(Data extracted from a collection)
+++++
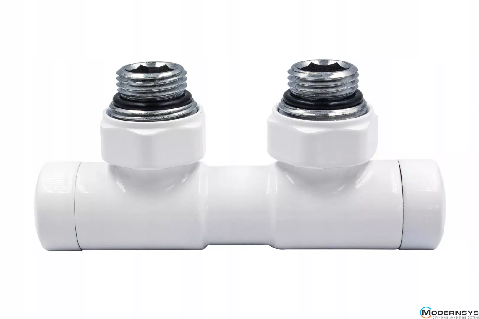 Запорный клапан Vario Term, 50 мм, TWINS, предназначенный для отопительных приборов, полотенцесушителей с нижним подключением к трубопроводам системы отопления. Расстояние между подключениями 50 мм.
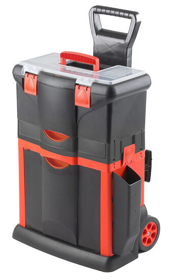 Plastový pojízdný kufr, tažná rukojeť 460x330x660mm s 1x zásuvkou Pojízdný kufr s organizérem ve víku a držákem pro objemné nářadí. číst celé
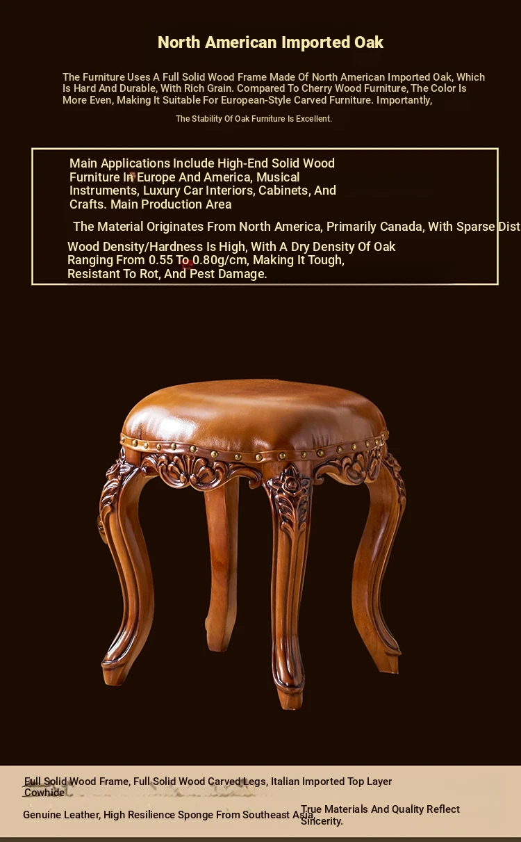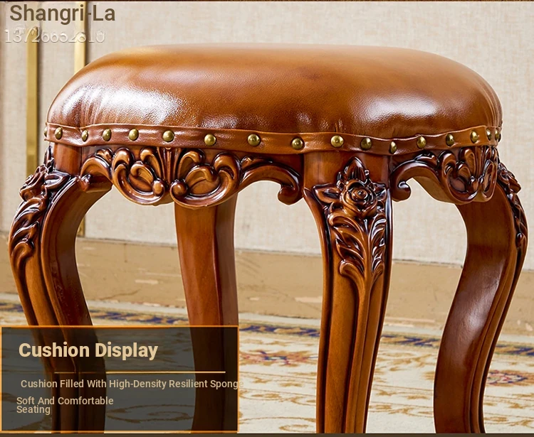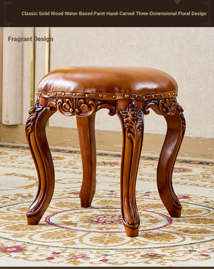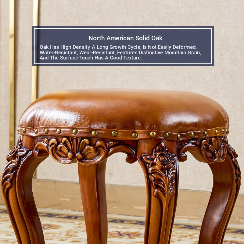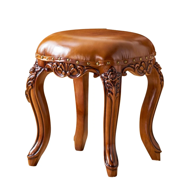European Style Genuine Leather Vanity Stool - American Solid Wood Painted Tea Stool for Kids, Home Shoe Changing Bench, Low Stool, Bedroom Dressing Table Seat
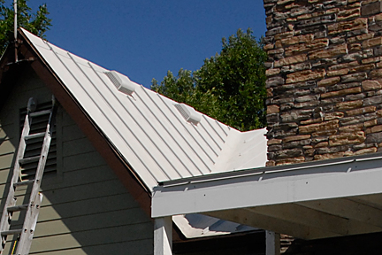 |  | These two image show the roof AFTER it had been cleaned. The guys had harnesses and a ladder that hooked over the peak so they always had a secure place from which to work. One basically worked the pressure washer while the other weighted the ladder as a counter balance type of thing. They were so quick, I never seemed to get out there in time to take pictures of them in the process. And when I did see them, I was so fascinated that I forgot to go get the camera. The images also show the new fascia board along the roof of the porch. I decided not to show you what it looked like before... actually, I decided not to show you ANY "before" shots of the spots that needed repair. All the rest of the images are AFTER pics.. There are even better pics of the clean roof on the 2020 Painting page. |
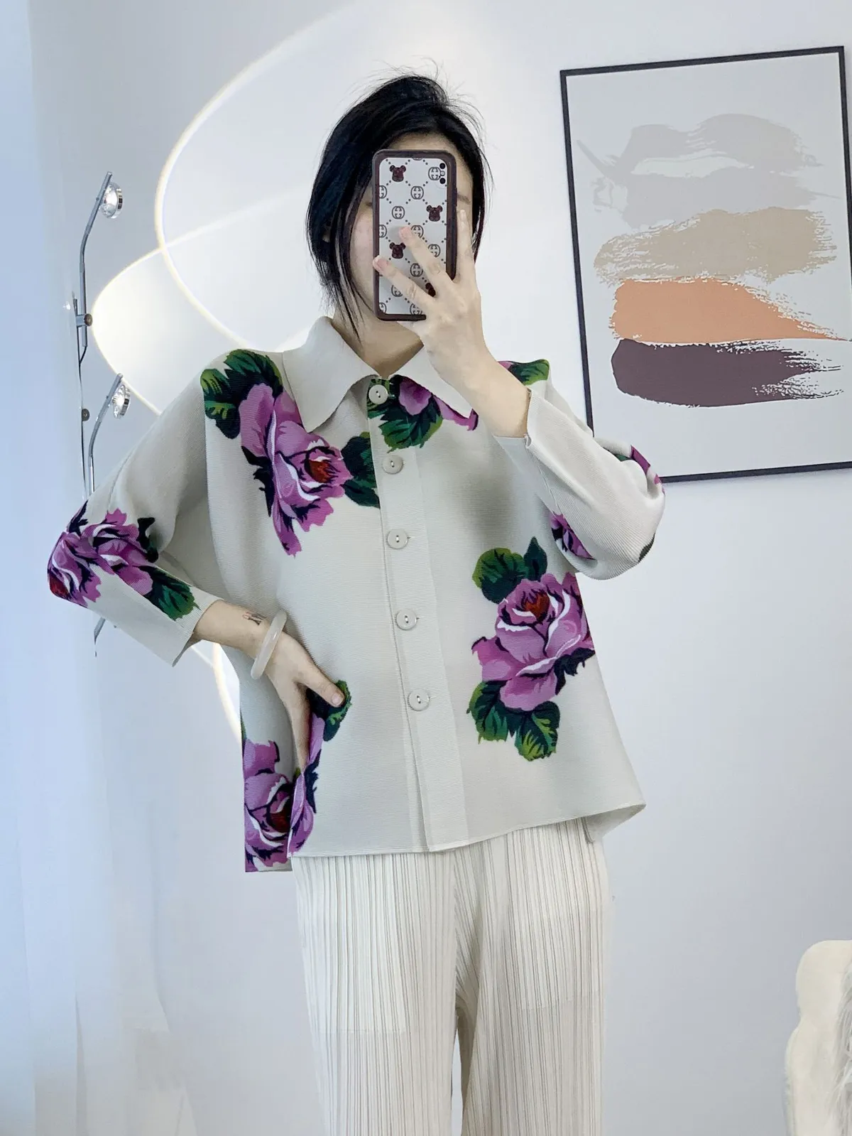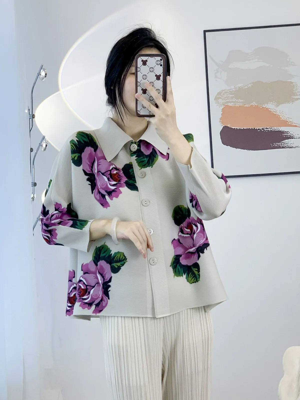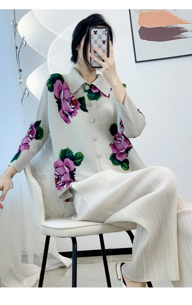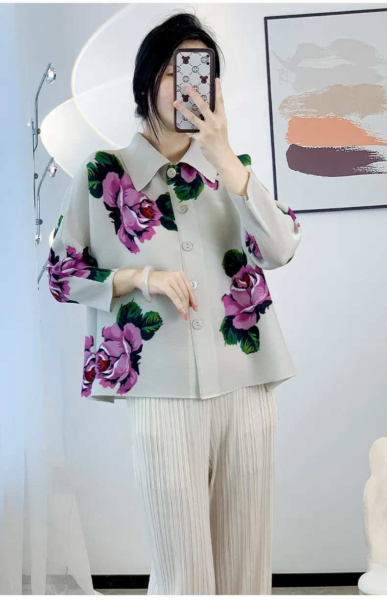 衣都精品- 2024新款氣質玫瑰印花時尚翻領褶皺外套
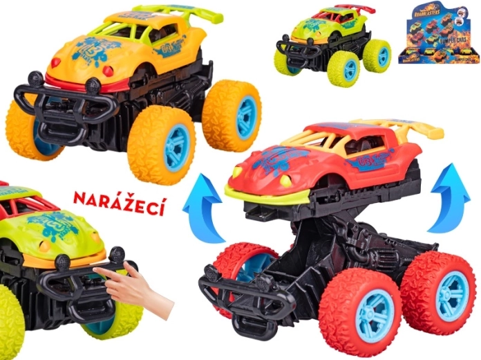 Akcyjny zderzakowy samochodzik Roadblasters o długości 9 cm zapewnia dzieciom dynamiczną zabawę i rozwój motoryki. Dzięki napędowi bezwładnościowemu po naciągnięciu jedzie do przodu, a przy zderzeniu automatycznie wraca. Solidna plastikowa konstrukcja gwarantuje wytrzymałość i długą żywotność. Dostępne są 2 typy nadwozia i 3 wyraziste kolory.
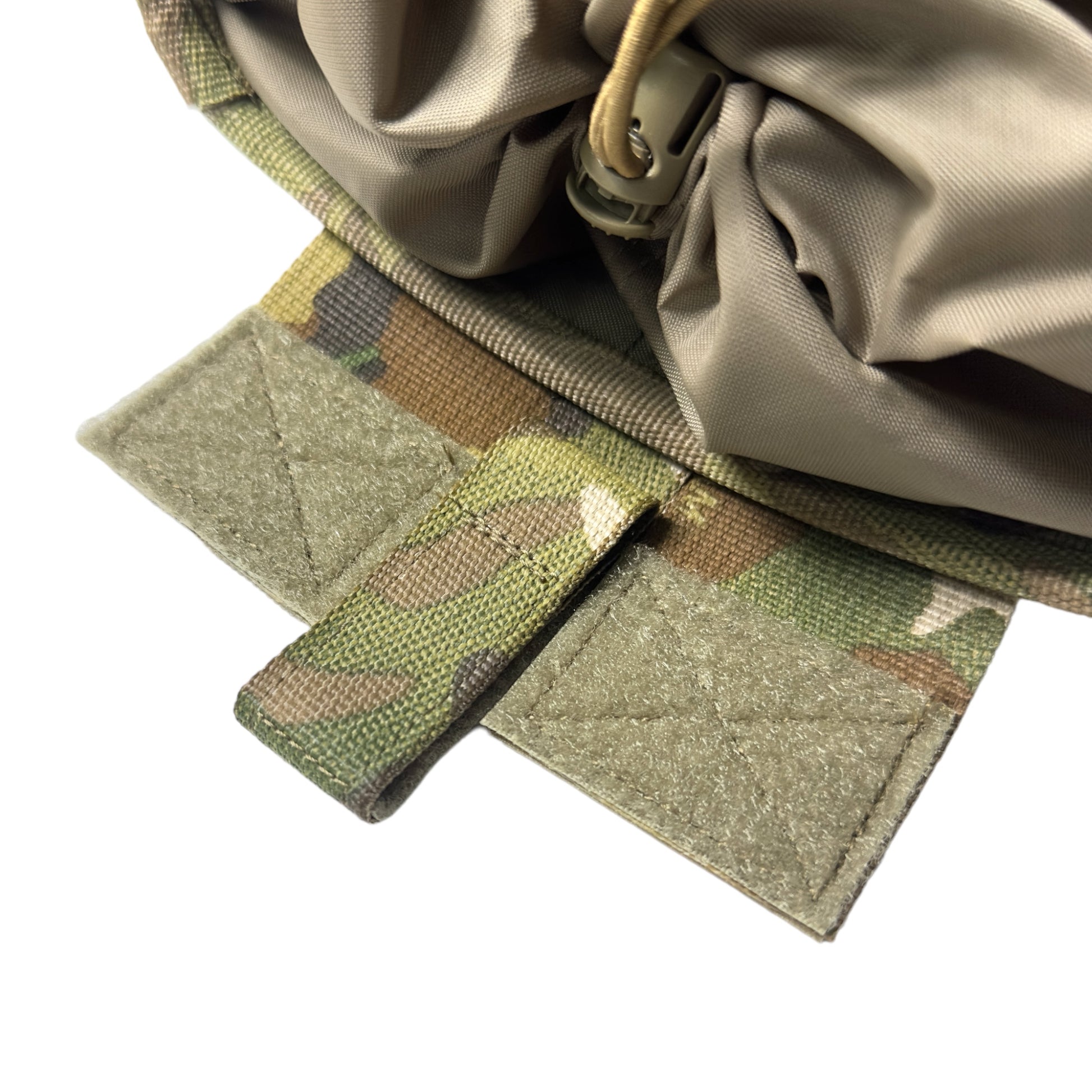 In addition, 400 denier pack cloth nylon is sewn inside the opening as a lid for the pouch, and the size of the opening can be adjusted by tightening or loosening the bungee cord and cord lock. , to open and close the opening.
+++++
*About this task*.
Please give back exactly the lines from the first line of the records above through the line containing "European Style Genuine", only those and both included, with the pictures removed.

*Solution*.
 Запорный клапан Vario Term, 50 мм, TWINS, предназначенный для отопительных приборов, полотенцесушителей с нижним подключением к трубопроводам системы отопления. Расстояние между подключениями 50 мм.
 Plastový pojízdný kufr, tažná rukojeť 460x330x660mm s 1x zásuvkou Pojízdný kufr s organizérem ve víku a držákem pro objemné nářadí. číst celé
European Style Genuine Leather Vanity Stool - American Solid Wood Painted Tea Stool for Kids, Home Shoe Changing Bench, Low Stool, Bedroom Dressing Table Seat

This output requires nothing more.